I would write both integration and unit tests.
These are tests to confirm the end-to-end functionality of the app. This means actual data are used for testing and real results are expected. I would set up a different docker container with a test database which actual data can be written to when testing and the data and table will be removed after testing.
This will be done by calling the endpoint with different data combinations and confirming the response matches the expected output.
Different scenarios that will be tested for POST
are;
- All request data are valid.
- All request data are empty.
- Invalid email.
- Invalid json data.
- Empty component data.
- Empty message data.
- Empty environment data.
Different scenarios that will be tested for GET
are;
- Request with no query params.
- Request with all query params.
- Request with invalid
from_date
query param.
This is carried out by passing both valid and invalid data to the data layer and trying to save it to confirm if the operation is successful when data is valid and error thrown when invalid.
These are tests majorly written for functions executing the business logic.
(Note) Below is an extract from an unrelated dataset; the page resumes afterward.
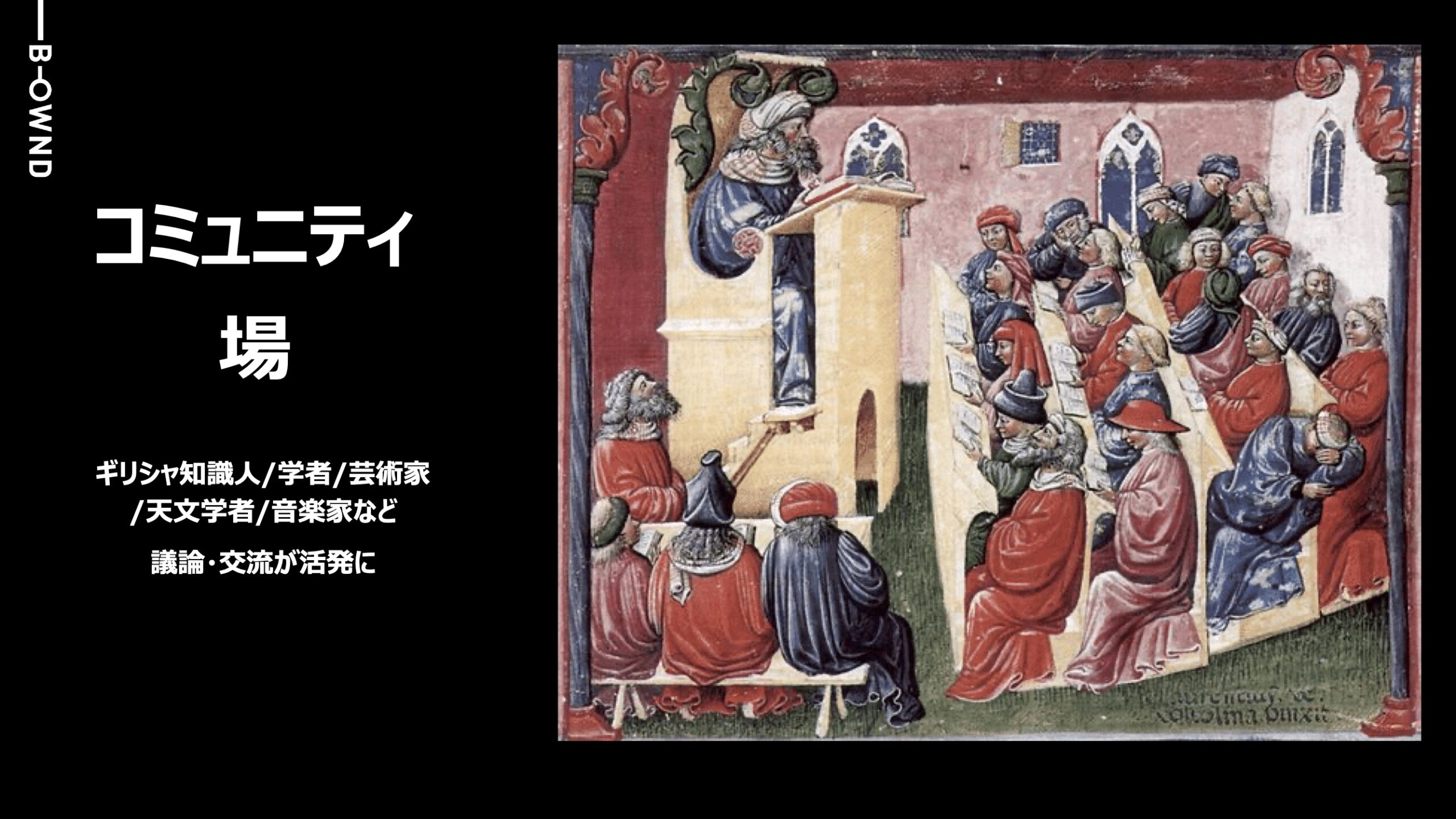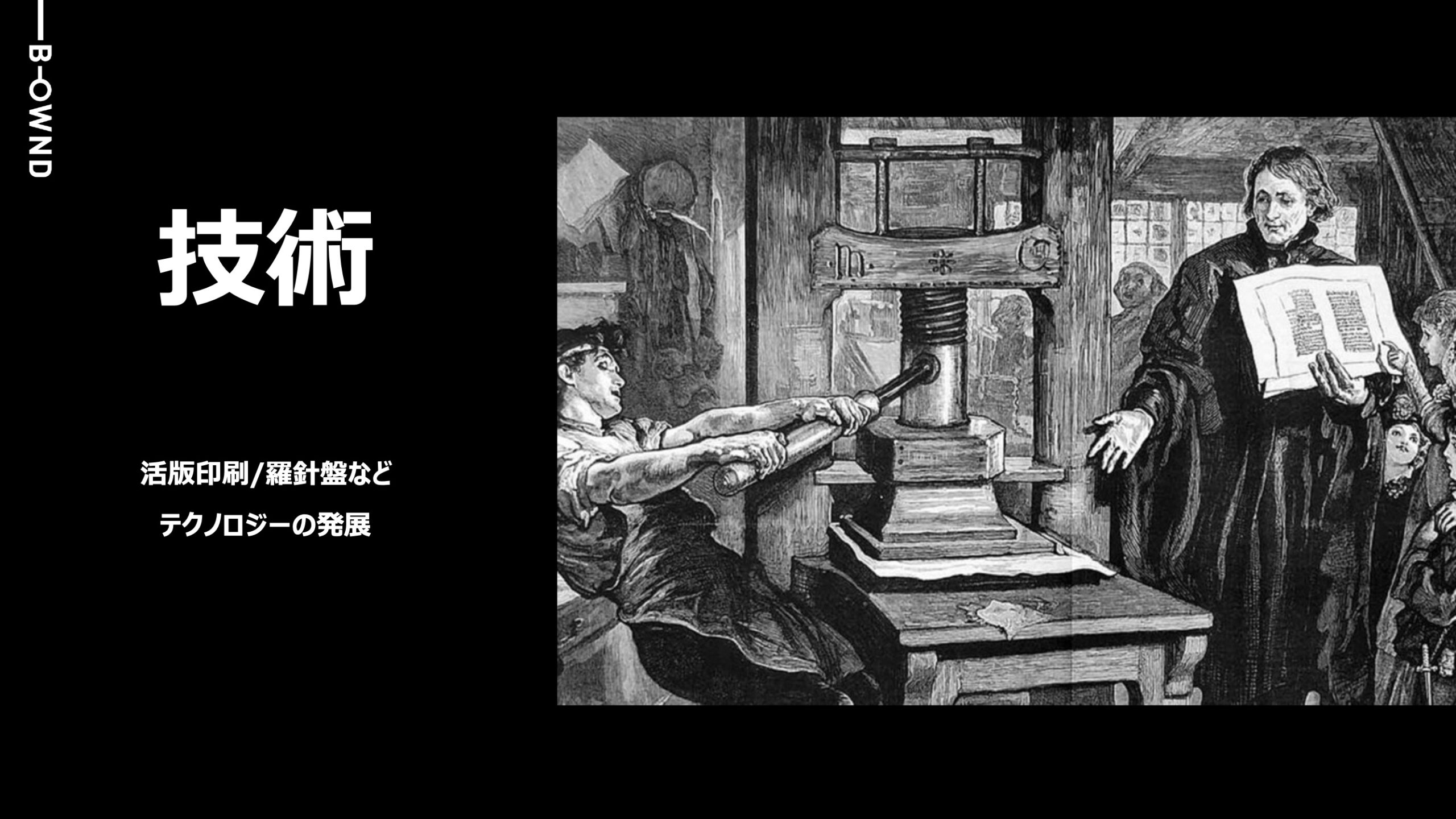 500年前、西洋でなぜルネサンスが起きたのか歴史を遡ると、まずヨーロッパで新たな哲学が誕生し、その思想を活版印刷などのテクノロジーが拡散し、コミュニティで議論が加速し、最後に大資本が後押ししました。

A set of different combinations of arguments are passed to the functions and the outputs are confirmed if they match the expected behaviour. In the case of activity service, we will be passing different data values to the functions in the event service module while mocking calls to the database. The returned values are asserted and the reactions (error raised or otherwise) are confirmed to meet the expected behaviour.
When there are over a hundred activities happening per second on the database, this could cause deadlock of the database. There are a couple of ways to mitigate this which include caching, queue system, load balancing and use of NoSQL.
A cache can be implemented for read activity to the database using Redis. In the case of events, when a query is made to get events from the database for the tiem, the result is cached in redis such that subsequent request with the same query params does not go to the database but get the result from the cache thereby reducing the number of operations going to the database.
A queue system can be placed between the controller and the data layer such that every post request goes into the queue and when one is not done, the next one does not get executed. This way, the database only gets one request at a time.
Using a non-relational database in place of postgresql would be another option to consider if the requests are just over 100 since they have a tendency of handling high volume of multiple requests due to their nature.